Preuve de Présence à l’Enregistrement et Indemnisation des Retards de Vol : Application du Règlement (CE) n° 261/2004

Une passagère disposait d’une réservation confirmée pour un vol aller-retour de Bordeaux à Lisbonne. Lors du vol retour, l’avion a accusé un retard de 4 heures et 17 minutes à l’arrivée.

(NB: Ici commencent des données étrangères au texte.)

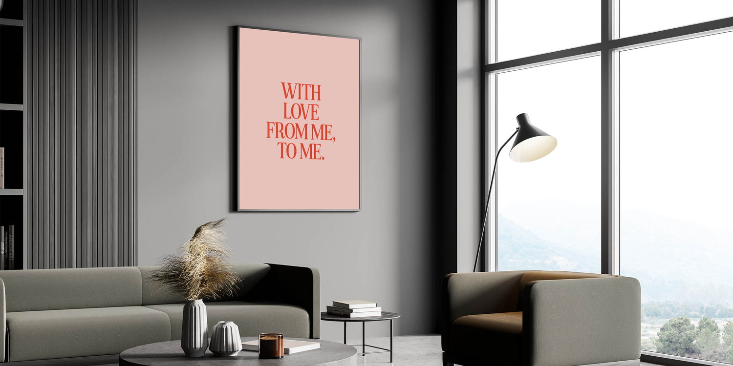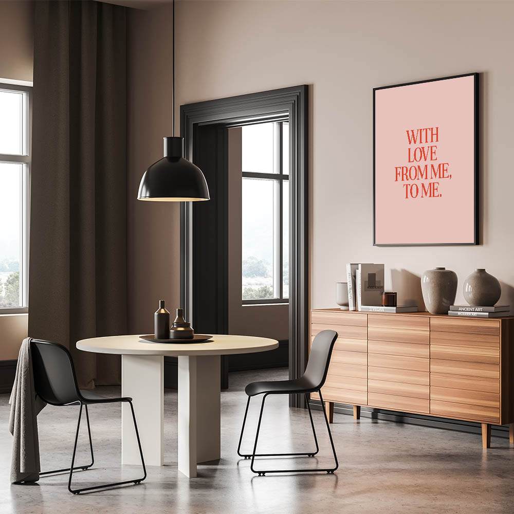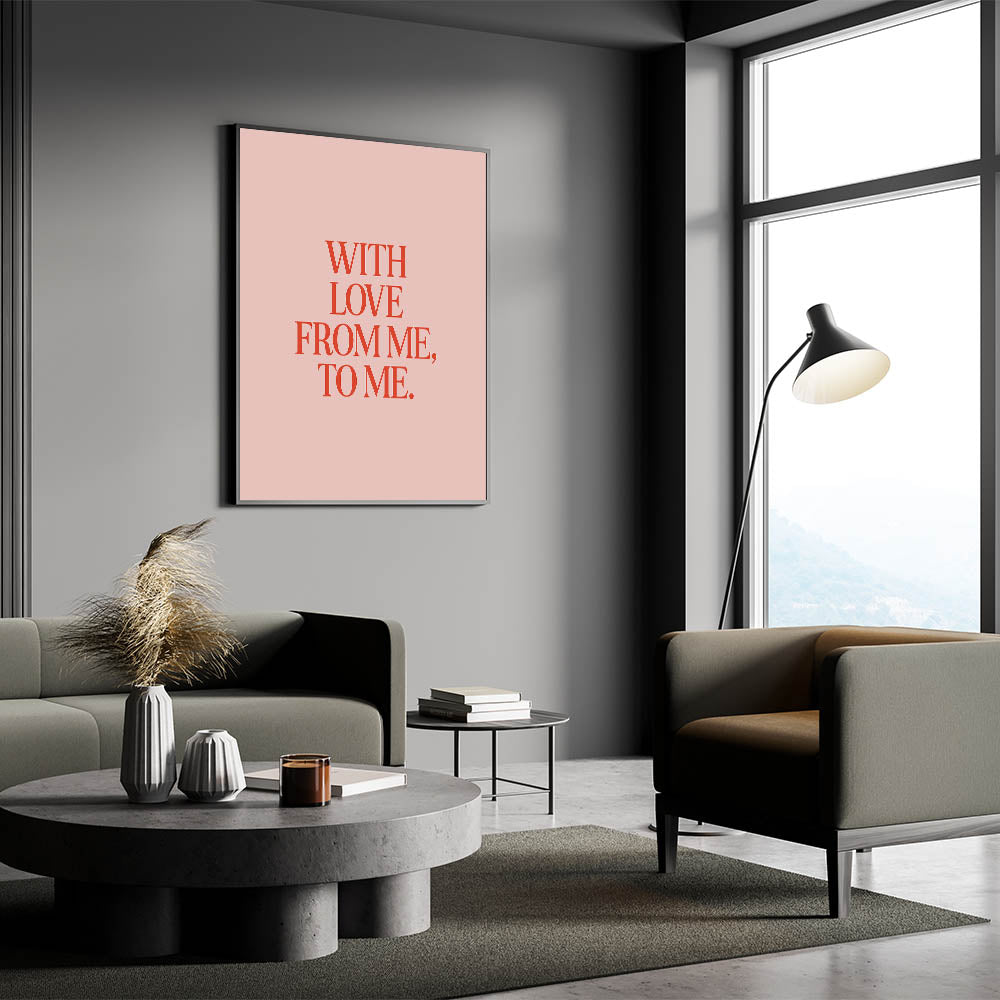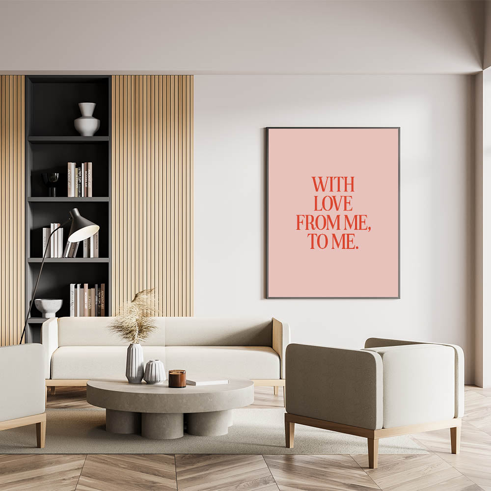 Celebrate self-love and positivity with this Maximalist Wall Art, featuring the heartfelt quote: "With love from me, to me." The bold red typography against a soft pink background creates a striking yet tender composition that adds warmth and charm to any space. Ideal for those who appreciate unique and empowering decor, this piece is perfect for living rooms, bedrooms, or personal sanctuaries, where it can inspire daily affirmations and self-care.

La passagère a alors demandé la condamnation du transporteur aérien au paiement de l’indemnité forfaitaire prévue à l’article 7 du règlement (CE) n° 261/2004 du Parlement européen et du Conseil du 11 février 2004, ainsi que des dommages-intérêts pour résistance abusive. Cependant, le tribunal d’instance d’Aulnay-sous-Bois a rejeté ses demandes au motif qu’elle n’avait pas prouvé s’être présentée à l’enregistrement pour le vol en question. Mme C. a formé un pourvoi en cassation contre ce jugement.

Selon Mme C., le refus d’indemnisation constituait une violation de l’article 267 du Traité sur le fonctionnement de l’Union européenne et des articles 73 et 74 du code de procédure civile. De plus, le refus d’ordonner à la compagnie aérienne de produire les éléments relatifs à l’enregistrement des passagers constituait une violation des articles 3, §2, 6 et 7 du règlement (CE) n° 261/2004, ainsi que de l’article 6 de la Convention de sauvegarde des droits de l’homme et des libertés fondamentales. Enfin, l’exigence d’une carte d’embarquement constituait une erreur dans l’application des dispositions du règlement (CE) n° 261/2004 concernant la présentation à l’enregistrement.

La Cour de cassation a cassé et annulé le jugement rendu par le tribunal d’instance d’Aulnay-sous-Bois. Elle a jugé que le tribunal avait mal appliqué l’article 3, paragraphe 2, sous a) du règlement (CE) n° 261/2004, en ne vérifiant pas si le transporteur aérien démontrait que Mme C. n’avait pas été transportée sur le vol retardé en cause. Selon une ordonnance de la Cour de justice de l’Union européenne, les passagers d’un vol retardé de trois heures ou plus ne peuvent pas se voir refuser l’indemnisation au seul motif qu’ils n’ont pas prouvé leur présence à l’enregistrement, sauf preuve contraire fournie par le transporteur aérien.

Depuis cet arrêt, la preuve d’enregistrement ne constitue plus une condition d’indemnisation.

Références : Arrêt n° 19-13.016 de la Cour de cassation, Chambre civile 1, 21 octobre 2020, publié au bulletin.

Indemnisation des passagers aériens pour retard de vol dû à une urgence médicale qualifiée de circonstance extraordinaire

Une compagnie aérienne peut-elle s’exonérer de l’obligation d’indemnisation en invoquant une circonstance extraordinaire, si elle n’établit pas avoir pris toutes les mesures raisonnables et proportionnées pour éviter le retard ?

Un passager a acheté un billet d’avion pour un vol reliant Hong-Kong à Paris Charles de Gaulle, prévu pour le 6 août 2014 à 00h50. Trois heures et trente minutes après le décollage, une urgence médicale impliquant une passagère enceinte a contraint l’avion à retourner à Hong-Kong. Le vol a été reprogrammé et a finalement décollé à 22h30 le même jour, entraînant un retard d’environ 22 heures à l’arrivée à Paris par rapport à l’heure prévue.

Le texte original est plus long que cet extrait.